Eric Henderson

Current position
- Title: Head coach
- Team: Drake
- Conference: MVC
- Record: 14–20 (.412)

Biographical details
- Born: May 30, 1978 (age 48)

Playing career
- 1996–2000: Wayne State (NE)

Coaching career (HC unless noted)
- 2001–2003: Wayne State (NE) (assistant)
- 2003–2005: Wayne HS (girls)
- 2009–2014: Burlington Catholic Central HS
- 2014–2016: North Dakota State (assistant)
- 2016–2019: South Dakota State (assistant)
- 2019–2025: South Dakota State
- 2025–present: Drake

Head coaching record
- Overall: 143–80 (.641)
- Tournaments: 0–2 (NCAA Division I)

Accomplishments and honors

Championships
- 4 Summit League regular season (2020, 2021, 2022, 2024); 2 Summit League tournament (2022, 2024);

Awards
- 2× Summit League Coach of the Year (2020, 2022);

= Eric Henderson (basketball) =

American basketball coach (born 1978)

Eric Nicholas Henderson (born May 30, 1978) is an American basketball coach. He currently coaches the Drake Bulldogs men's basketball team.

==Playing career==
Henderson played college basketball at Wayne State College in Nebraska under Greg McDermott where he registered 876 rebounds and 160 career steals. He was inducted into the Wayne State College Athletic Hall of Fame in 2008.

==Coaching career==
After graduation, Henderson joined the coaching staff of his alma mater from 2001 to 2003. He would then enter the high school ranks as the girls basketball coach at Wayne High School until 2005. He then joined the Iowa State men's basketball program as a graduate manager and learning specialist under McDermott. Henderson would return to coaching high school in 2009 and spent five seasons as the head boys basketball coach at Burlington Catholic Central High School, while also serving as the school's athletic director and principal. In 2014, Henderson joined the staff at North Dakota State, and was part of the Bison's 2015 NCAA tournament squad. Two years later, Henderson would join conference rival South Dakota State's coaching staff, rising to associate head coach.

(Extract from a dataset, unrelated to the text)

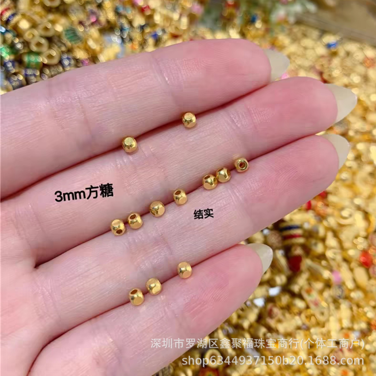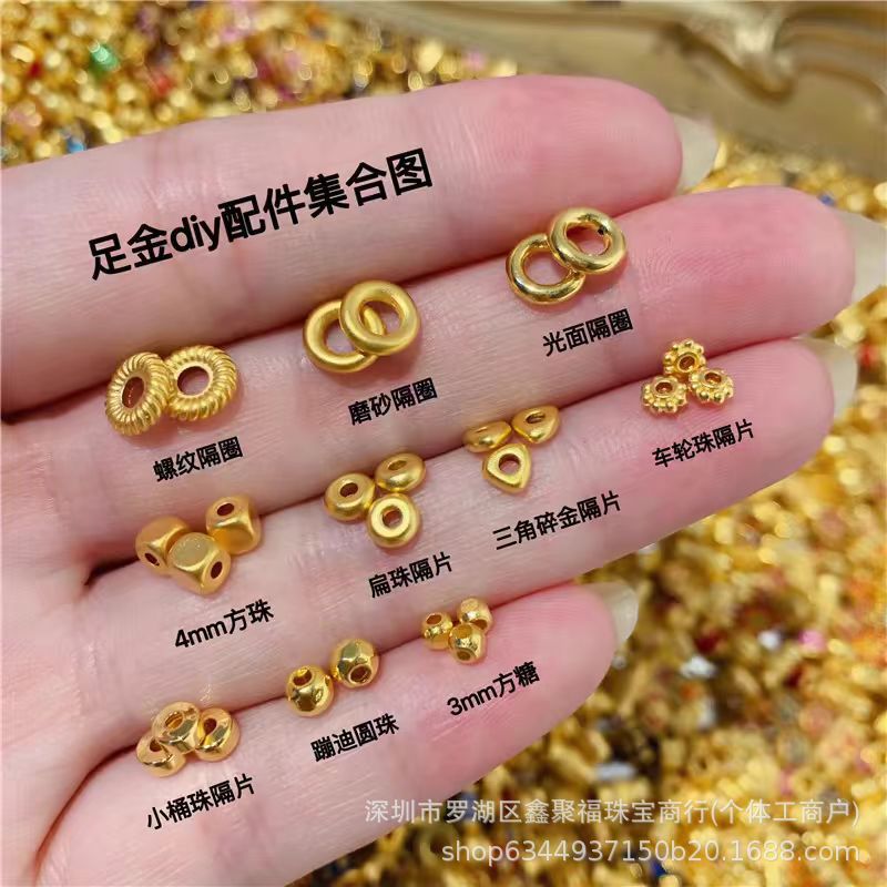 Маленькие золотые бусины из чистого золота 999 пробы, разделительные бусины с резьбой, треугольные сломанные золотые разделители, сахарные кубики, бусины-колеса, аксессуары для самостоятельного изготовления

On March 27, 2019, Henderson was named the 22nd head coach in Jackrabbits history, replacing T. J. Otzelberger who accepted the head coaching position at UNLV. After leading the Jackrabbits to a 13-3 conference record in his first season, Henderson was named Summit League coach of the year.

South Dakota State accumulated a 129-60 record with Henderson as head coach. His six-year tenure guiding the program saw the Jacks claim four Summit League regular season titles, along with two conference tournament championships which led to two NCAA Tournament appearances in 2022 and 2024.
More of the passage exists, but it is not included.